Как юрист Н.А. Захаров отстаивал за государством право самобытности, непохожести, оригинальности. В его глазах именно индивидуальные особенности государства порождают политическую независимость и жизненную силу этих государств, тогда как общества, построенные по либеральным трафаретам, как и посредственные личности, носят на себе печать безжизненности, искусственности, а значит, цивилизационной слабости и неустойчивости. Из этого положения для него вытекала необходимость изучать государственный строй государств в связи с историей нации в целом.
Особенности формирования русской системы власти он видел во влиянии византийской идеи власти императора, идеи религиозного автократизма, глубоко воспринятой русскими книжниками и летописцами, и в частноправовом характере власти великих князей из рода Рюриковичей, смотревших на свои владения как на свою неотчуждаемую вотчину, переходящую по наследству в их роде. В России, по Н.А. Захарову, не было того феодального строя, установившегося в Европе, который сформировал враждебные классы, породил борьбу королевской власти с феодальной аристократией. На Руси не было создано крупное землевладение, находящееся не в руках дома Рюрика; разросшаяся династия Рюриковичей «окняжила» землю, на Западе же произошло «обаристокративание», попадание земли в руки знатных родов. Феодализм на Западе породил борьбу королей с аристократией, а затем, после поражения последних, общее с остатками аристократии порабощение народа. Таким образом, зарождение и развитие власти на Руси и на Западе глубоко отличались различными поземельными отношениями, феодальными на Западе и частноправовыми у нас.
Формированию большого Московского государства способствовали и две другие счастливые причины: концентрация земель в руках московской линии Рюриковичей, а затем вымирание этой линии после царя Феодора Иоанновича. Вторая причина позволила новой династии владеть московской «отчиной», вследствие занятия московского престола, и отказаться от поддерживавшейся всеми московскими Рюриковичами удельной системы, каждый из которых выделял своим сыновьям уделы во владение. При Романовых вотчина Рюриковичей окончательно превратилась в Московское царство, а князь-вотчинник – в государя, но власть сохранила свою родовую частноправовую черту. Романовы также смотрели на Московское государство как на свою личную собственность.
По мнению Н.А. Захарова, «такой характер властвования налагал особую печать на развитие понятия о существе нашей верховной власти. Эта частноправность вошла в плоть и кровь русского государства, несмотря ни на потрясения Смутного времени, ни на все изменения императорского периода» {118} .
Владение землей в Московском государстве разделялось на вотчинное владение (наследуемое во владетельном роде) и на поместное (не наследуемое) и зависело от службы государю. За верную службу землю дарили либо во временное, либо в наследственное пользование, неисполнение государевой службы, немилость вызывали отобрание дарованного. Таковое владение землей высшего слоя государства сильно отличается от западного феодального владения.
«На Западе, – пишет Захаров Н.А., – родовая аристократия развивалась при конкуренции с королевской властью на территориях, охраняемых вассалами, подданными сюзерена. У нас подобие этой аристократии – удельные князья, потомство общего с царствующим государством родоначальника, – потеряли всякое значение под твердой рукой московского государя. На Западе высший слой общества составила родовая аристократия, которая в некоторых местах, потеряв возможность противостоять воле возвысившегося над всеми феодала-короля, создала корпоративные законодательные собрания, ограничивающие власть государя. У нас же весь высший класс состоял из лиц, непосредственно избранных царем, и экономически зависел от государя, который имел неограниченное право отбирать земли у тех, кто неправильно или неисправно нес свои обязанности. Если на Западе феодал был неограниченный господин своих земель, то русский служилый человек был государственный работник, которому государь давал за его труды право вечной, наследственной или пожизненной аренды» {119} .

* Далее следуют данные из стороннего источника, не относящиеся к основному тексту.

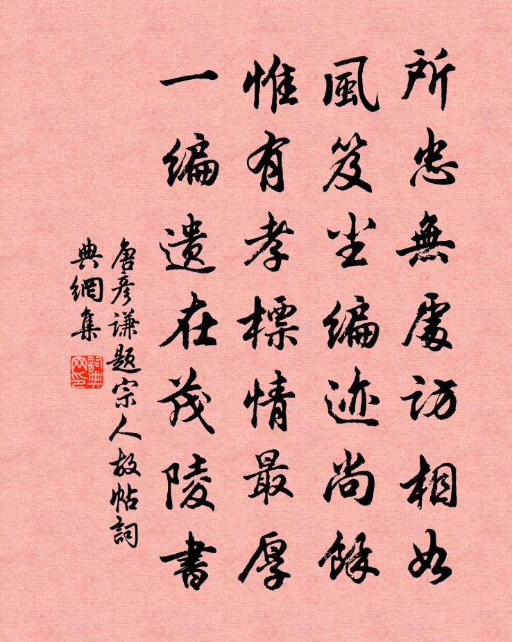 詩詞名句歷史字典書法欣賞書法字典國語詞典說文解字康熙字典古漢語字典標 題 作 者 詩 句 題宗人故帖作者:唐彥謙 朝代:唐代題宗人故帖原文所忠無處訪相如,風笈塵編跡尚余。惟有孝標情最厚,一編遺在茂陵書。詩詞問答問:題宗人故帖的作者是誰?答:唐彥謙問:題宗人故帖寫於哪個朝代?答:唐代問:題宗人故帖是什麼體裁?答:七古唐彥謙題宗人故帖書法欣賞題宗人故帖書法作品注釋全唐詩:卷672-9詩詞推薦初至虎牙漢見江山類龍門歐陽修〔宋代〕曉鼓潭潭客夢驚,虎牙灘上作船行。山形酷似龍門秀,江色不如伊水清。平日兩京人少壯,今年三峽歲崢嶸。臥聞燕歸梁晏殊〔宋代〕雙燕歸飛繞畫堂。似留戀虹梁。清風明月好時光。更何況、綺筵張。雲衫侍女,頻傾壽酒,加意動笙簧。人人心在再次前韻呈林郎中五首陳造〔宋代〕春皇報人如寄音,紫燕窺簾鶯繞林。於時不無客欣戚,此意正系天晴陰。傍湖樓影酒旗直,到眼人家花霧深。老子生查子莫崙〔宋代〕三兩信涼風,七八分圓月。愁緒到今年,又與前年別。衾單容易寒,獨暗相將滅。欲識此時情,聽取鳴蛩說。汶陽館文天祥〔宋代〕去歲營船隩,今朝館汶陽。海空沙漠漠,河廣草茫茫。家國哀千古,男兒慨四方。老槐秋雨暗,孤影照淋浪。竹齋題事李埴〔宋代〕低齋結空野,小竹移孤林。齋閒竹淨好,日媚幽人心。南方夏厭暑,獨此留殘陰。戛雨挫促夢,穿風搜涼襟。長茵兔李嶠〔唐代〕上蔡應初擊,平風遠不稀。目隨槐葉長,形逐桂條飛。漢月澄秋色,梁園映雪輝。唯當感純孝,郛郭引兵威。和黃彥華帥機六言十首劉克莊〔宋代〕遺稿六丁取盡,君王謾遣所忠。既友商山四皓,又容淮南公八。次韻馬少伊、郁舜舉寄示同游石湖詩卷七首范成大〔宋代〕得得來題小隱詩,拂香縈柳畫船移。湖邊好景春猶未,須到秋清月滿時。雙松陸游〔宋代〕東岡夭矯兩蒼龍,千尺蟠空黛色濃。六十餘年松若此,誰知我更老於松!寄蔣山如一翁釋祖先〔宋代〕悠悠世路絕躋攀,臥看白雲空往還。惟有同參一句子,肯將容易混塵寰。聞西蟾從弟卜岩居岳西有寄齊己〔唐代〕瀑布見高低,岩開岩壁西。碧雲多舊作,紅葉幾新題。滴瀝中疏磬,嵌空半倚梯。仍聞樵子徑,□不到前溪。送雪竇圓兄歸疏山釋紹曇〔宋代〕錦鏡濃妝蜀樣花,沒塵無處惹塵埃。好歸說與曹家女,已是當堂打破來。美人圖唐寅〔明代〕舞罷霓裳日色低,滿身春倦眼迷離。錦絲步帳繁花里,閒弄珊瑚血色枝。三學院王投〔宋代〕三面松篁簇梵宮,當軒冷砌畫屏風。遊人試問空門理,雲起青山鶴山籠。和王著作融八公山詩謝朓〔南北朝〕二別阻漢坻。雙崤望河澳。茲嶺復巑岏。分區奠淮服。東限琅琊。西距孟諸陸。阡眠起雜樹。檀欒蔭修竹。日隱澗木蘭唐彥謙〔唐代〕眾花搖落正無憀,脈脈芳叢契後凋。舒捲綠苞臨小檻,剪裁檀的綴長條。獨當春盡情何限,尚有秋期別未遙。桃葉送舍弟赴舉因寄兩制諸太僚王禹偁〔宋代〕堂上尊親鶴髮垂,十年祿仕不相離。何期膝下承顏日,卻是山中謫宦時。未有重茵如子路,空披彩服學嬰兒。全家杏山館聽子規竇常〔唐代〕楚塞餘春聽漸稀,斷猿今夕讓沾衣。雲埋老樹空山里,仿佛千聲一度飛。送元待制知福州鄭獬〔宋代〕常公廊廟姿,龍節殿南區。鑿開文章源,儒學比蜀都。儀儀天章老,秀色發東吳。相望三百載,還擁朱轓車。風帆名句推薦睡起莞然成獨笑,數聲漁笛在滄浪。蔡確《夏日登車蓋亭》 莫道桑榆晚,為霞尚滿天。劉禹錫《酬樂天詠老見示》 道吾好者是吾賊,道吾惡者是吾師。佚名《增廣賢文·上集》 近寒食人家,相思未忘苹藻香。史達祖《壽樓春·尋春服感念》 憑欄久,黃蘆苦竹,擬泛九江船。周邦彥《滿庭芳·夏日溧水無想山作》 桃今百餘尺,花落成枯枝。李白《獨不見》 但去莫復問,白雲無盡時。王維《送別》 孤飛一片雪,百里見秋毫。李白《觀放白鷹二首》 碧野朱橋當日事,人不見,水空流。秦觀《江城子·西城楊柳弄春柔》 日日思君不見君,共飲長江水。李之儀《卜運算元·我住長江頭》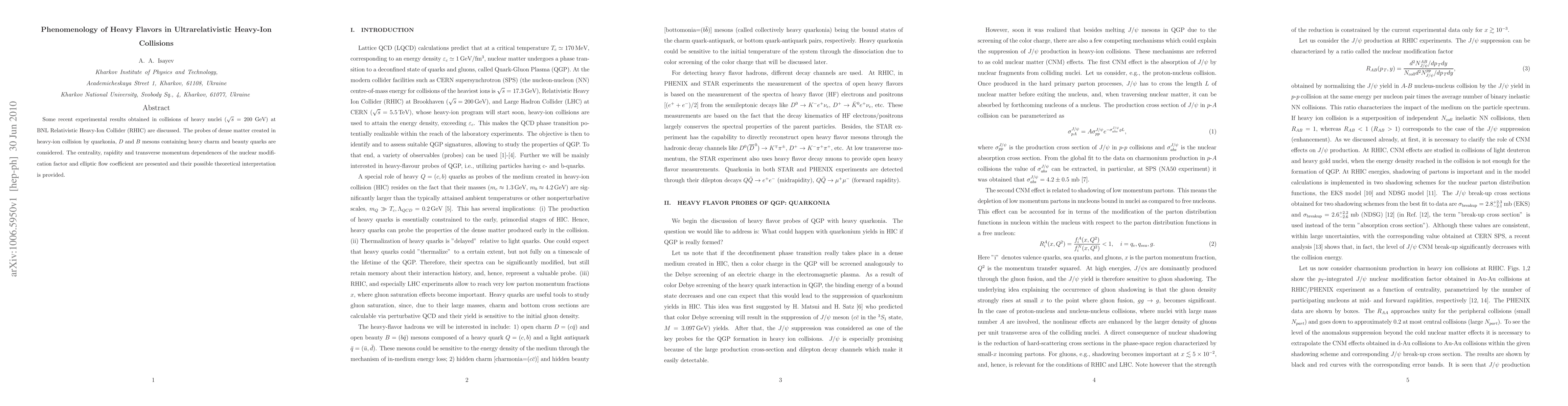Some recent experimental results obtained in collisions of heavy nuclei ($\sqrt{s}=200$ GeV) at BNL Relativistic Heavy-Ion Collider (RHIC) are discussed. The probes of dense matter created in heavy-ion collision by quarkonia, $D$ and $B$ mesons containing heavy charm and beauty quarks are considered. The centrality, rapidity and transverse momentum dependences of the nuclear modification factor and elliptic flow coefficient are presented and their possible theoretical interpretation is provided.

Эта система начала разрушаться только при Екатерине II, освободившей дворян от обязательной службы, с какого момента в государственную систему было введено структурное противоречие: одни продолжали служить, другие получали право не служить. Такое понимание развития государства определяло и отношение Захарова к капитальному противостоянию славянофилов и западников (и их последователей), в споре которых он видит следующуюколлизию. «Оба эти направления, – утверждал он, – взаимно развиваясь и противореча друг другу, носили в себе, в своих идеях и своем развитии, коренную ошибку: одно стремилось возделывать чуждые растения на не подготовленной историческим ходом жизни для них почве, а другое не представляло себе ясно того растения, которое должно было дать на русской ниве обильную жатву. Западники, увлекаясь внешним блеском европейской культуры, видели ее пышные плоды, по весьма небрежно исследовали ту почву, на которую они собирались ее пересадить; славянофилы ревностно изучилипочву, но весьма смутно отдавали себе отчет о тех растениях, которые возможно было плодотворно культивировать на ней. Под влиянием этих идей, все еще взаимно оппозиционных и плохо ассимилирующихся друг с другом, вся политическая жизнь XIX века идет нервным темпом» {120} .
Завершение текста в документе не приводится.